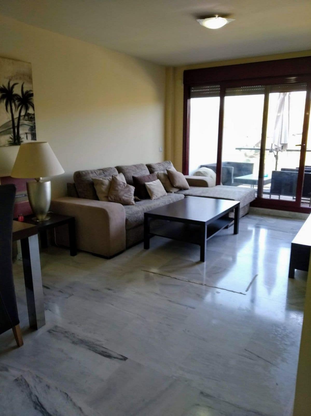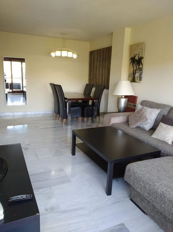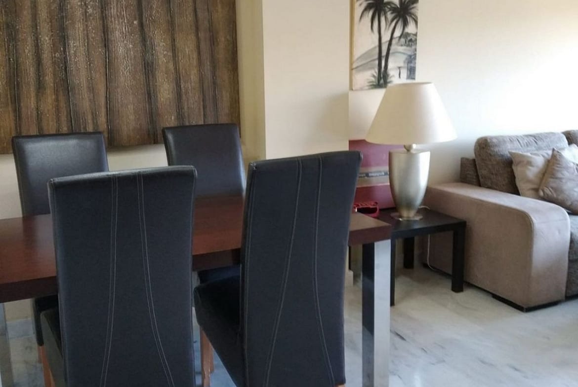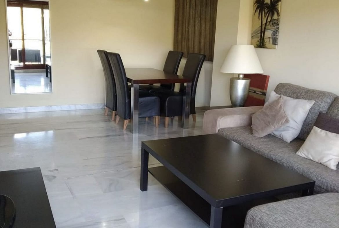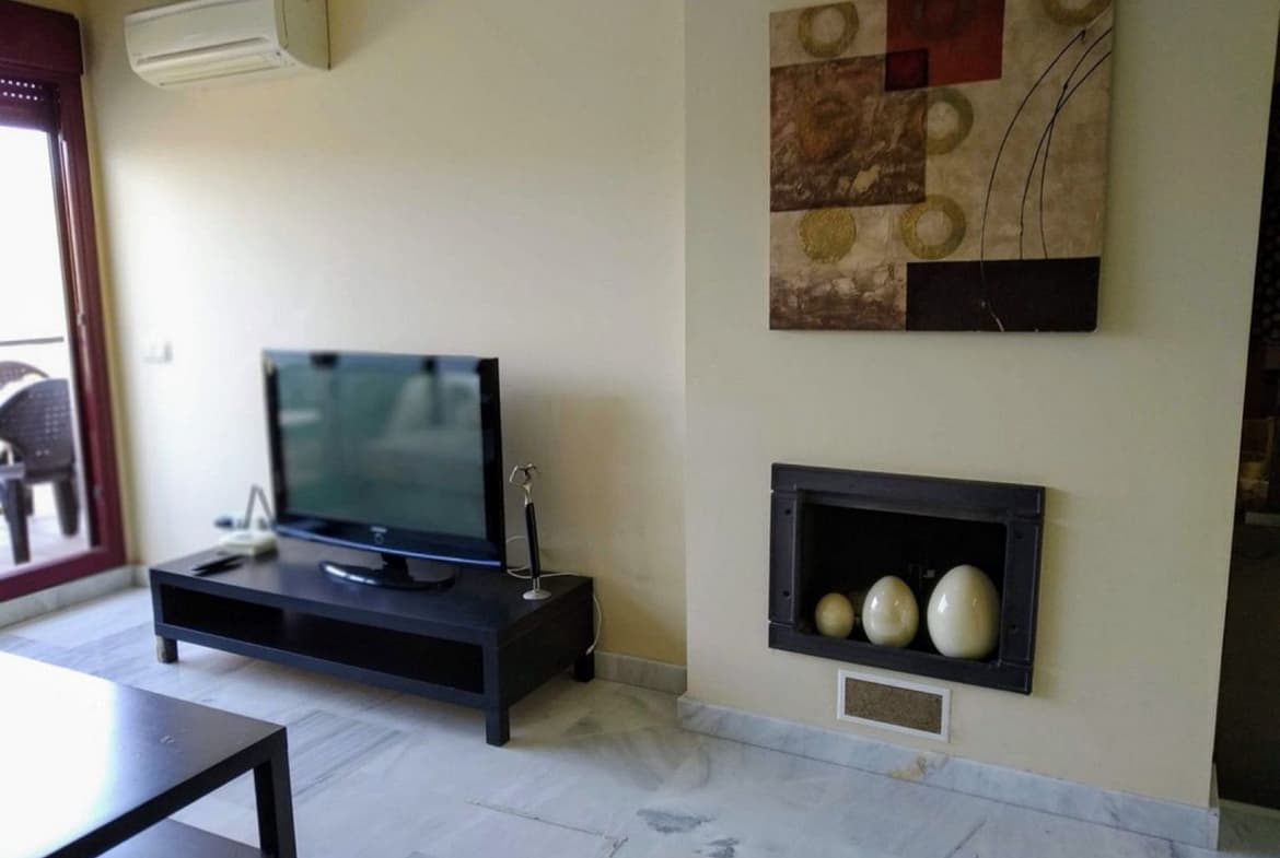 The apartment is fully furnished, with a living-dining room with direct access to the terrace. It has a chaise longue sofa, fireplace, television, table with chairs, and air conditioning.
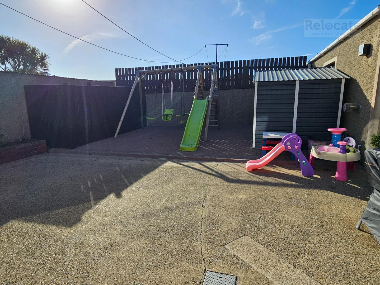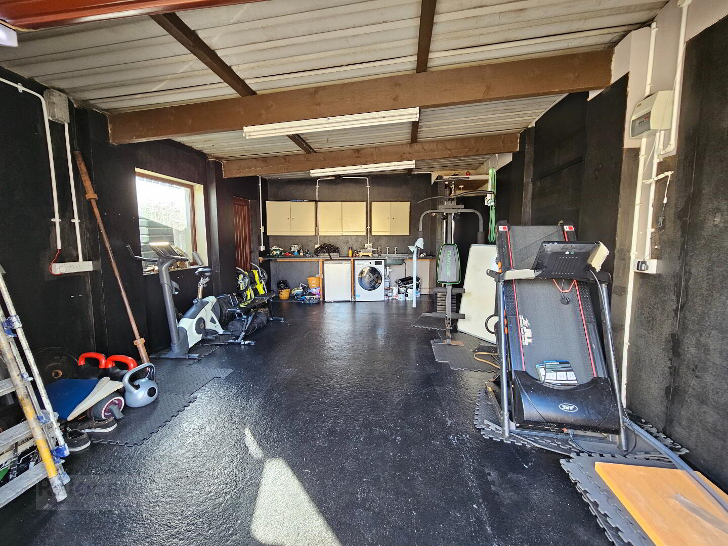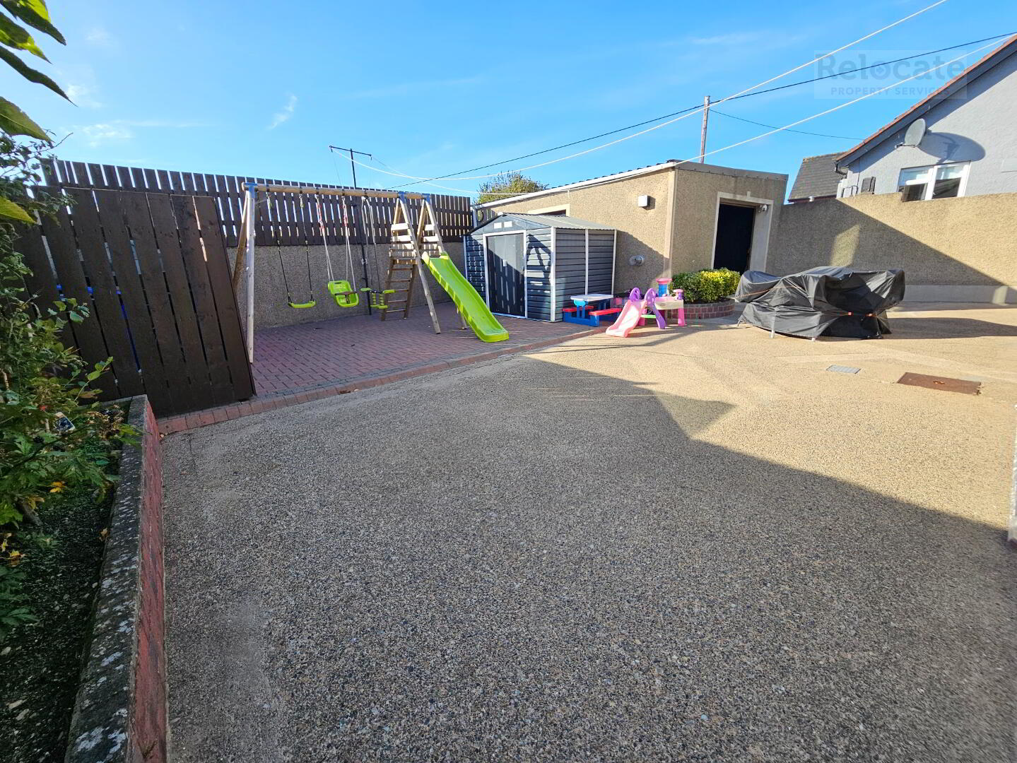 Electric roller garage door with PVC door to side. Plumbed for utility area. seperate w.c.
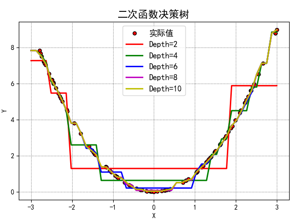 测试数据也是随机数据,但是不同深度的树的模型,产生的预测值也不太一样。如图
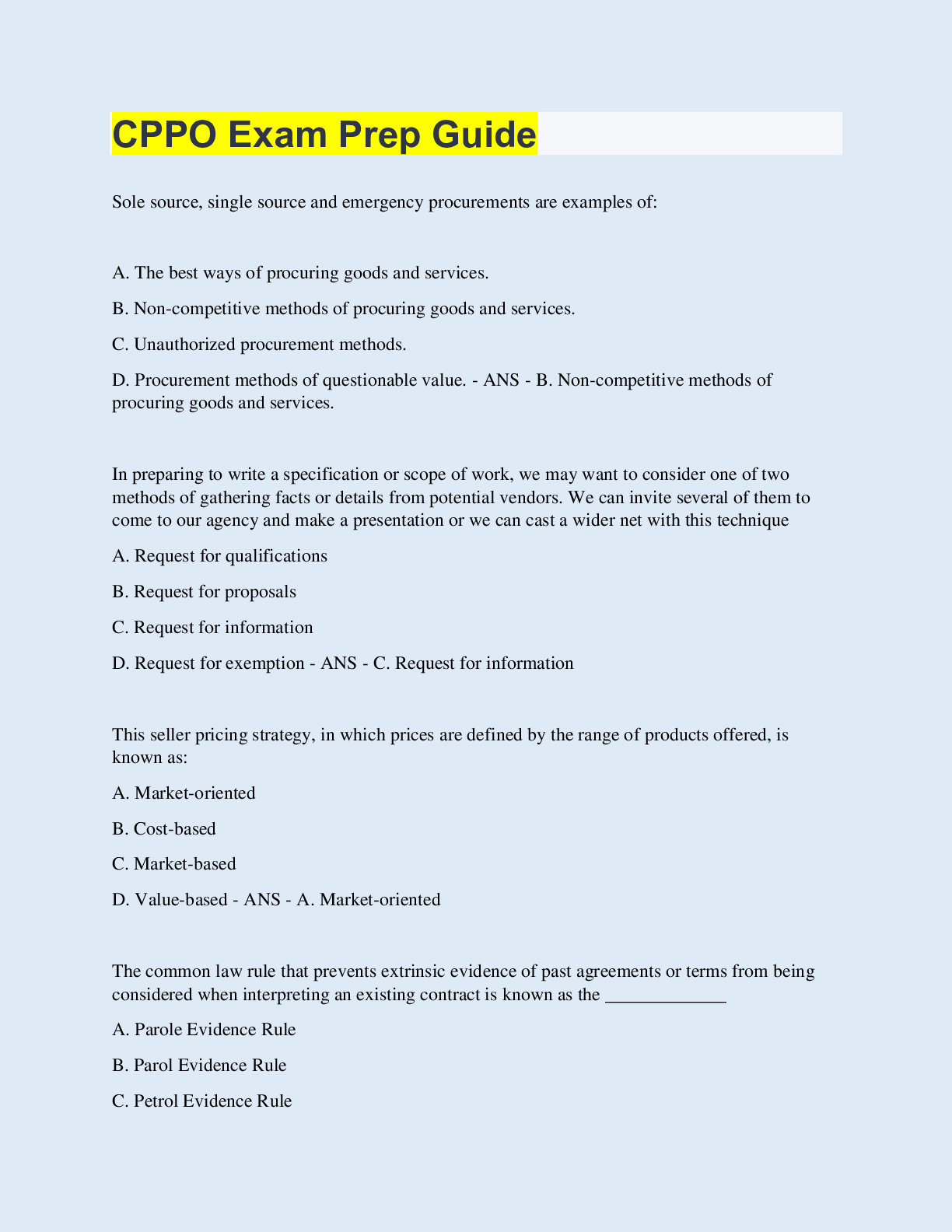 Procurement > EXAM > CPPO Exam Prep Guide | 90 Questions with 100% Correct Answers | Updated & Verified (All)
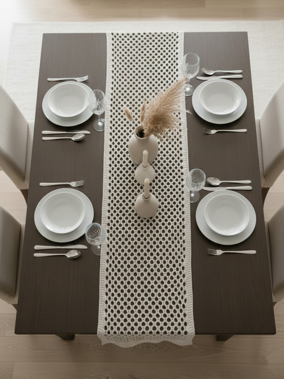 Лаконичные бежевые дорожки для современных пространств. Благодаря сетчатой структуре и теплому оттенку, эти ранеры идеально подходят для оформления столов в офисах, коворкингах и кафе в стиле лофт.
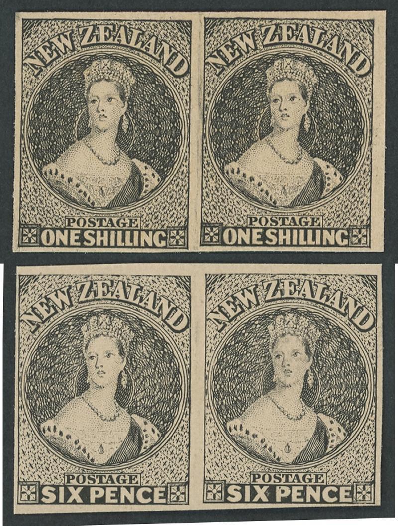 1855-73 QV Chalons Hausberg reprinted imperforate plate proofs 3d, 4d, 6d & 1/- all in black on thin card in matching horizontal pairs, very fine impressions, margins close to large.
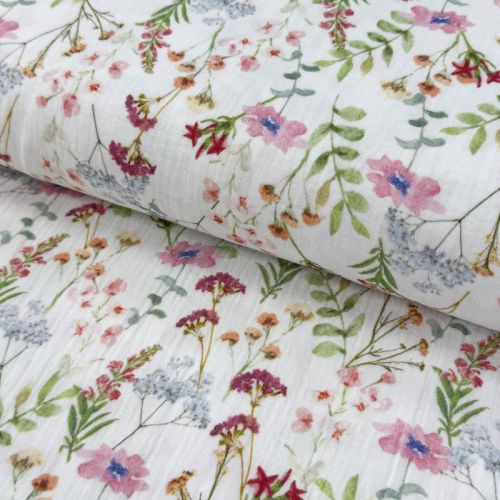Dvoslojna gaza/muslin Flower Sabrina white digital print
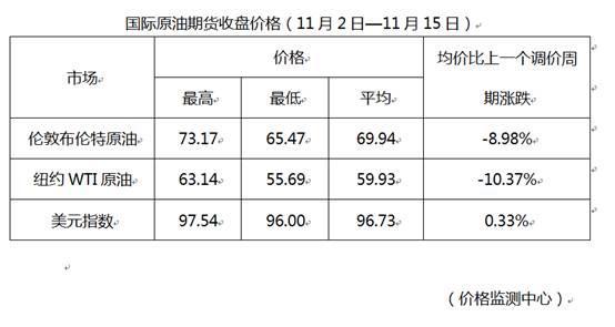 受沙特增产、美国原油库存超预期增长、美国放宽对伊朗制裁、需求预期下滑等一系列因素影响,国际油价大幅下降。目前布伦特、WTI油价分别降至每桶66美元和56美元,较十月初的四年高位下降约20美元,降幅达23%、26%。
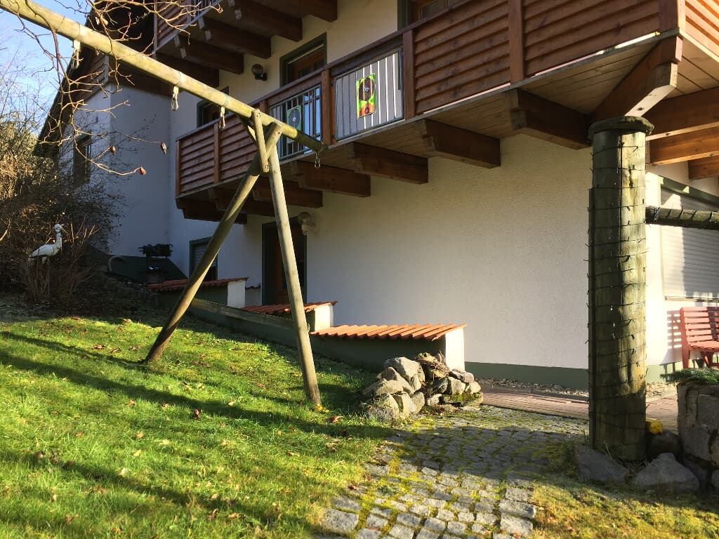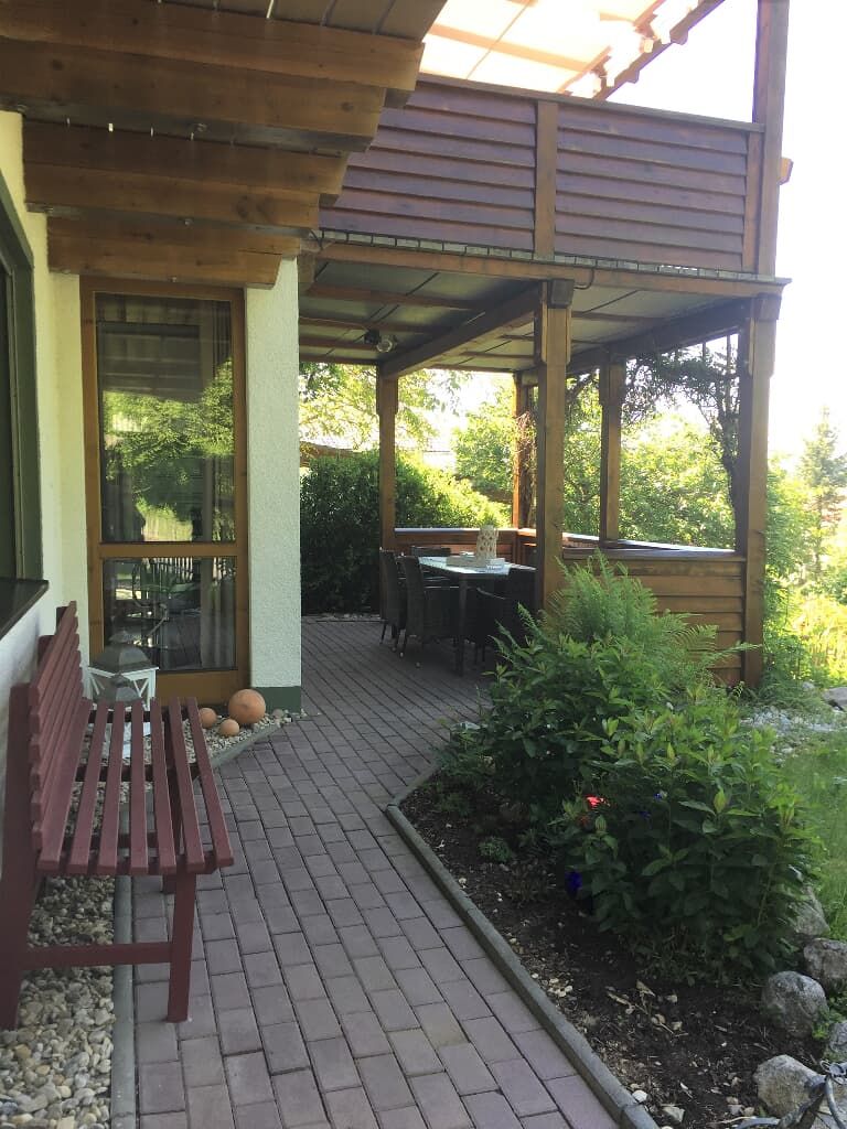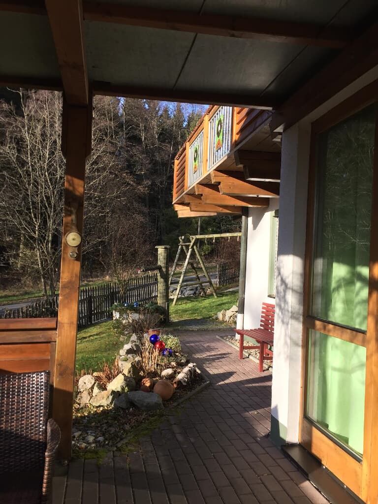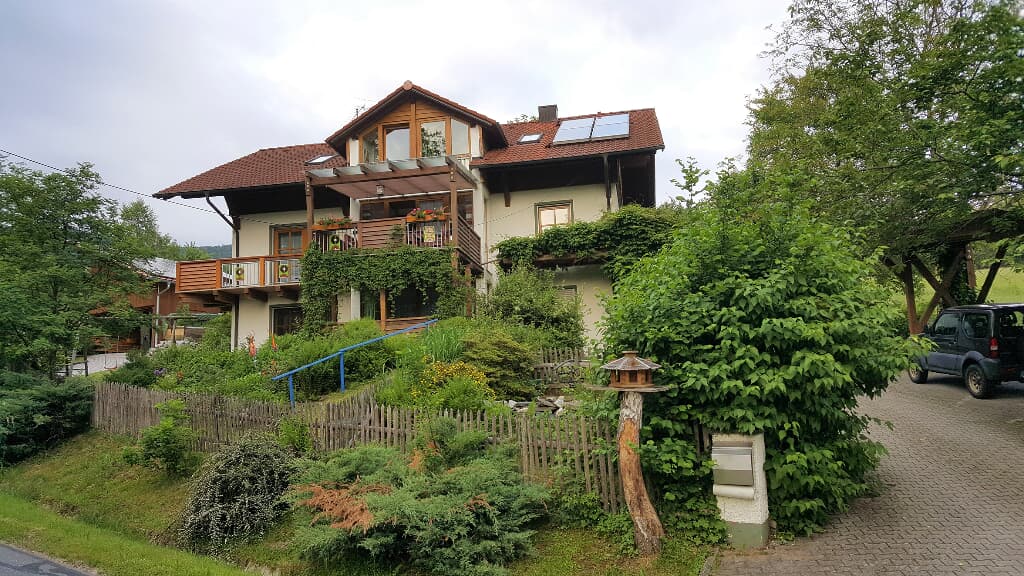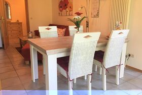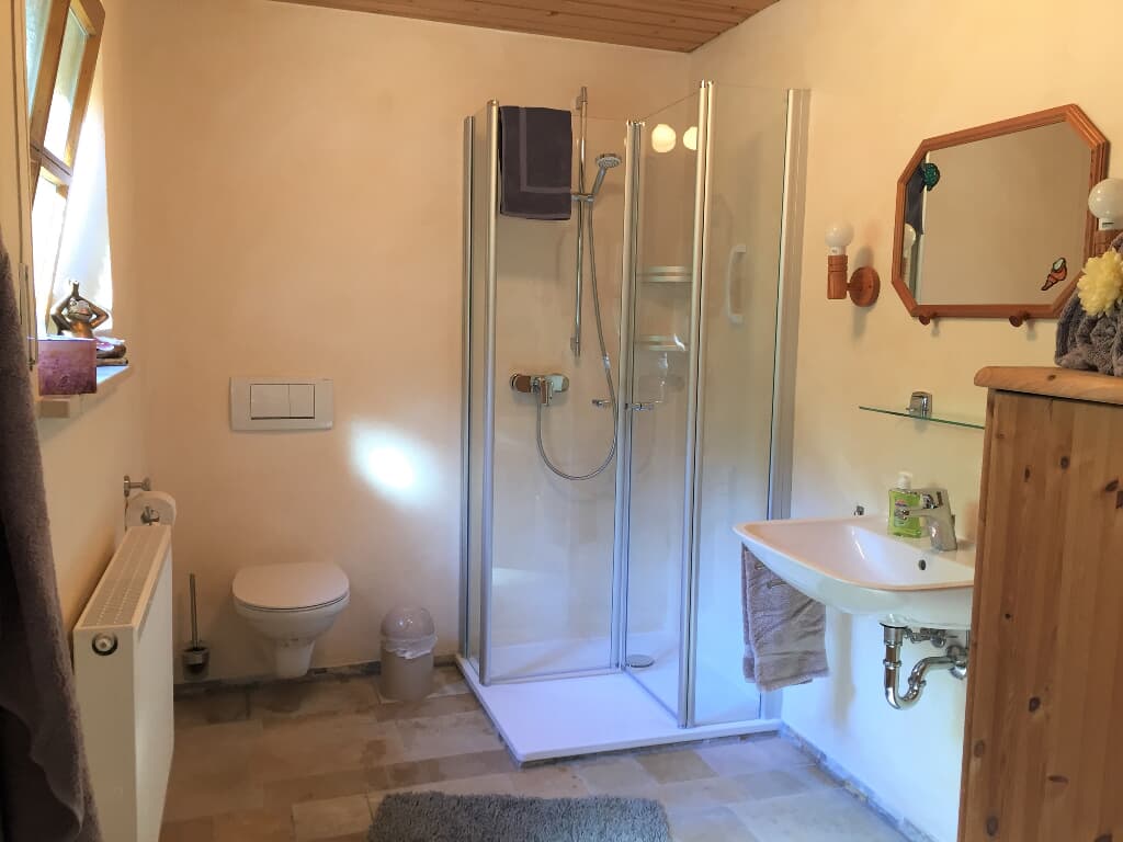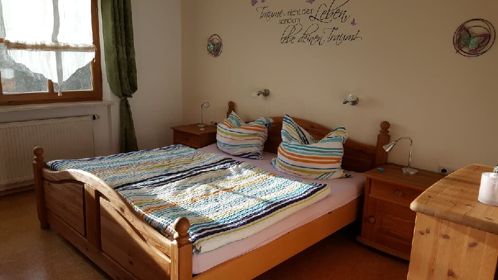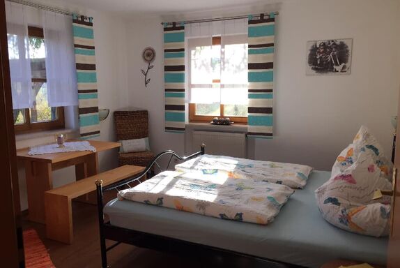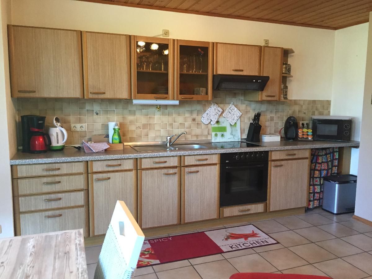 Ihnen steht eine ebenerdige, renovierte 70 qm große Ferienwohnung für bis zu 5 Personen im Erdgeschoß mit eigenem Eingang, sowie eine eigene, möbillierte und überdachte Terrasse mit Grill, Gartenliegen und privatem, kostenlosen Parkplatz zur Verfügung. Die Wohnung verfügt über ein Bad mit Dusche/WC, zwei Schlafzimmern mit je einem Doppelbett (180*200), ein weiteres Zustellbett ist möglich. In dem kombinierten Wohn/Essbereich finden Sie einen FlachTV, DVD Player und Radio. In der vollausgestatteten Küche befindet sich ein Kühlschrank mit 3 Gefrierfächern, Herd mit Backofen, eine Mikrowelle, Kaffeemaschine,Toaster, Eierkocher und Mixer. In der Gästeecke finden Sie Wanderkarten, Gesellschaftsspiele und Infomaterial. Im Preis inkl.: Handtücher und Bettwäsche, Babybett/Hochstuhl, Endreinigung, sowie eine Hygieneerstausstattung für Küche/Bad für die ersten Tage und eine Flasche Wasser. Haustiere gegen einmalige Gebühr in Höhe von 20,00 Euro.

--------------------------------------------------

§ **WORK TASK**
Every record is to be restated word for word, with the pictures left out.

§ **TASK OUTPUT**
 The apartment is fully furnished, with a living-dining room with direct access to the terrace. It has a chaise longue sofa, fireplace, television, table with chairs, and air conditioning.
 Electric roller garage door with PVC door to side. Plumbed for utility area. seperate w.c.
 测试数据也是随机数据,但是不同深度的树的模型,产生的预测值也不太一样。如图
 Procurement > EXAM > CPPO Exam Prep Guide | 90 Questions with 100% Correct Answers | Updated & Verified (All)
 Лаконичные бежевые дорожки для современных пространств. Благодаря сетчатой структуре и теплому оттенку, эти ранеры идеально подходят для оформления столов в офисах, коворкингах и кафе в стиле лофт.
 1855-73 QV Chalons Hausberg reprinted imperforate plate proofs 3d, 4d, 6d & 1/- all in black on thin card in matching horizontal pairs, very fine impressions, margins close to large.
Dvoslojna gaza/muslin Flower Sabrina white digital print
 受沙特增产、美国原油库存超预期增长、美国放宽对伊朗制裁、需求预期下滑等一系列因素影响,国际油价大幅下降。目前布伦特、WTI油价分别降至每桶66美元和56美元,较十月初的四年高位下降约20美元,降幅达23%、26%。
 Ihnen steht eine ebenerdige, renovierte 70 qm große Ferienwohnung für bis zu 5 Personen im Erdgeschoß mit eigenem Eingang, sowie eine eigene, möbillierte und überdachte Terrasse mit Grill, Gartenliegen und privatem, kostenlosen Parkplatz zur Verfügung. Die Wohnung verfügt über ein Bad mit Dusche/WC, zwei Schlafzimmern mit je einem Doppelbett (180*200), ein weiteres Zustellbett ist möglich. In dem kombinierten Wohn/Essbereich finden Sie einen FlachTV, DVD Player und Radio. In der vollausgestatteten Küche befindet sich ein Kühlschrank mit 3 Gefrierfächern, Herd mit Backofen, eine Mikrowelle, Kaffeemaschine,Toaster, Eierkocher und Mixer. In der Gästeecke finden Sie Wanderkarten, Gesellschaftsspiele und Infomaterial. Im Preis inkl.: Handtücher und Bettwäsche, Babybett/Hochstuhl, Endreinigung, sowie eine Hygieneerstausstattung für Küche/Bad für die ersten Tage und eine Flasche Wasser. Haustiere gegen einmalige Gebühr in Höhe von 20,00 Euro.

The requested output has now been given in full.